Aggression replacement training (ART) is a cognitive behavioural intervention for reduction of aggressive and violent behaviour, originally focused on adolescents. It is a multimodal program that has three components: social skills, anger control training and moral reasoning. ART was developed in the United States in the 1980s by Arnold P. Goldstein and Barry Glick and is now used throughout North America as well as Europe, South America, and Australia in human services systems including juvenile justice systems, human services schools and adult corrections. ART is not yet regarded as a model program but is described in most research surveys as a promising program.

==Overview==
ART was designed by Arnold P. Goldstein and Barry Glick in the 1980s. They took concepts from a number of other theories for working with youth and synthesized theory, practice and techniques into one comprehensive system. Each of the three components use a process to insure youth learn the skills in class and transfer such skills to new situations outside of the group. The model also focuses on Jean Piaget concept of peer learning. It has been shown that youth learn best from other youth.

ART is an evidence based program utilized in many areas. In Washington, ART was added as one of the four different evidence based programs implemented due to the 1997 Community Justice Accountability Act. In Alaska ART was implemented in the Alaska Division of Juvenile Justice for youth in detention and treatment facilities and on probation.

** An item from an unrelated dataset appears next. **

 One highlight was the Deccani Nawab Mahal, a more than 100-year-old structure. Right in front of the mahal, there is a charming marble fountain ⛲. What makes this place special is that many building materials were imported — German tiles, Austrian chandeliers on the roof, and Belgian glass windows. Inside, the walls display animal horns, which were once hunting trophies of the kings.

ART is a 10-week program, meeting three times a week for one hour for each of the components. To have the best results it is facilitated and co-facilitated by trained group facilitators. Room set up, introduction of materials, the number of participants, and the participants history are all issues that work towards having a profitable group.

===Social skills===
"Structured learning training" is the behavioral components of ART. Many youths with criminal behavior and/or have difficulties controlling their anger lack social skills. Many of the concepts of the social skills component are taken from Albert Bandura's work. There are many different social skills that these youth are thought to lack. The ART intervention focuses on the following social skills that are particular to reducing aggressive behavior:
- Making a complaint
- Understanding the feelings of others
- Dealing with someone else's anger
- Getting ready for a difficult conversation
- Keeping out of fights
- Dealing with group pressure
- Dealing with an accusation
- Helping others
- Expressing affection to others
- Responding to failure
These social skills are broken down into various steps (both thinking and action steps). The facilitator discusses the day's skill, bringing out relevant examples. Then the facilitator demonstrates a situation to give the youth a picture of how to perform the skill. The youth are asked to point out each of the steps. Then each of the youths is asked to use a relevant situation that they have recently had using the skill. Again, the other youths go through and discuss each of the steps each time.

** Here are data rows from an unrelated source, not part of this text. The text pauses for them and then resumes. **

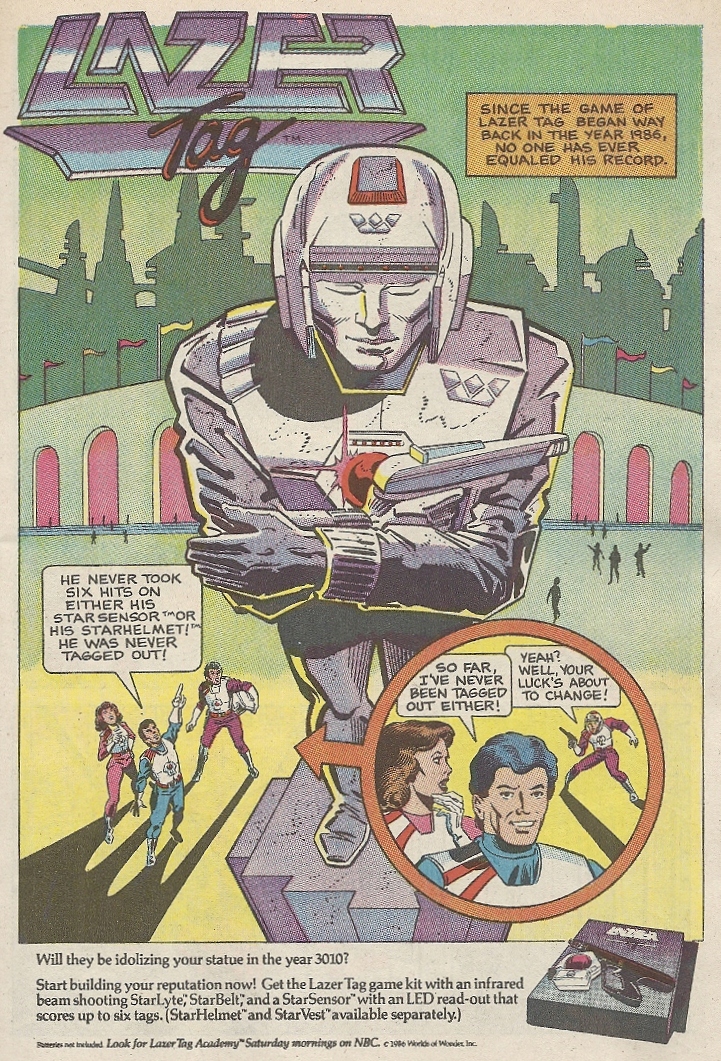 A buddy of mine had one of these things when we were kids. It was pure junk. You had to have the gun right next to the target doodad to register any sort of hit. Maybe he got a lemon, I don’t know. Whatever the case, it sucked. Lazer Tag actually spawned a short-lived animated series, but I don’t think we’ll be building any statues to talented practicioners any time soon.
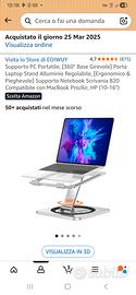 Vendo per inutilizzo Supporto PC Portatile, [360° Base Girevole] Porta Laptop Stand Alluminio Regolabile, [Ergonomico & Pieghevole] Supporto Notebook Scrivania B20 Compatibile con MacBook Pro/Air, HP (10-16").
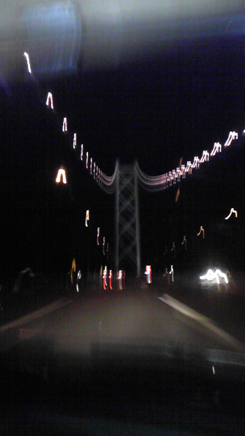 ピンボケですが、本州離れ海外脱出! 淡路島に入国しました。 本日の宿まで、もう一息! 津久井
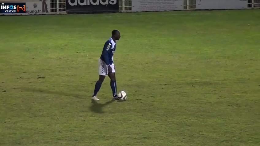Amatérský závod mistrovství ve Francii mezi Schiltigheim a městě Biesheim, hráč městě Biesheim tropí míč blíže k cíli dříve, než spustíte faul, jako rozhodčí se zabývá zdi.

===Anger control training===
Anger control training is the affective component of ART. This moves from the teaching of social skills, to losing anti-social skills and replacing them with pro-social skills. The anger control training uses the anger control chain. This is a process taught to the youth to deal with situations that cause them to get angry. Once again, one segment of the anger control chain is taught each week and then both the facilitators and the youth practice the new skills with relevant life activities. The anger control chain is as follows;
- Triggers (external and internal)—The situation that starts the slide into anger and the self talk that perpetuates it
- Cues—physical signs of becoming angry
- Anger reducers—three (deep breathing, counting backwards, and pleasant imagery) to help reduce or take our mind off of the situation
- Reminders—short positive statements that we say to ourselves to further reduce the angry impulses
- Thinking ahead—Identifying the consequences of our behaviors
- Social Skill—Implementing a pro-social skill into the situation
- Evaluation—Looking back over the use of the anger control chain and evaluating how was implemented

===Moral reasoning ===
Moral reasoning is the cognitive component of ART. This component provides adolescents opportunities to take other perspectives other than their own thereby learning to view their world in a more fair and equitable way. Group Facilitators also identify four thinking errors to facilitate perspective taking and remediate moral developmental delay. The thinking errors that are identified are:
- Self-centered thinking—"it's all about me"
- Assuming the worst—"it would happen anyways" or "they would do it to me"
- Blaming others—"it's their fault"
- Mislabeling / minimizing—"it's not stealing, I'm only borrowing it..." or "everybody else does it"

The Moral Reasoning component of ART is based upon Kohlberg's stages of moral development. According to Kolhberg there are six stages of moral development that are grouped into three levels. Kolhberg suggests that progress through the stages is linear and invariantly sequential. Stage one thinkers subscribe to the motto of "might makes right". Stage two thinkers adopt the "gotta get mine, before they get theirs" line of reasoning. Stage three thinkers are willing to engage in pro-social decision making if there is something in it for them. They align with a distorted version of the "golden rule". Stage four thinkers begin to consider the greater community in their decision making. Most members of society remain at stage four.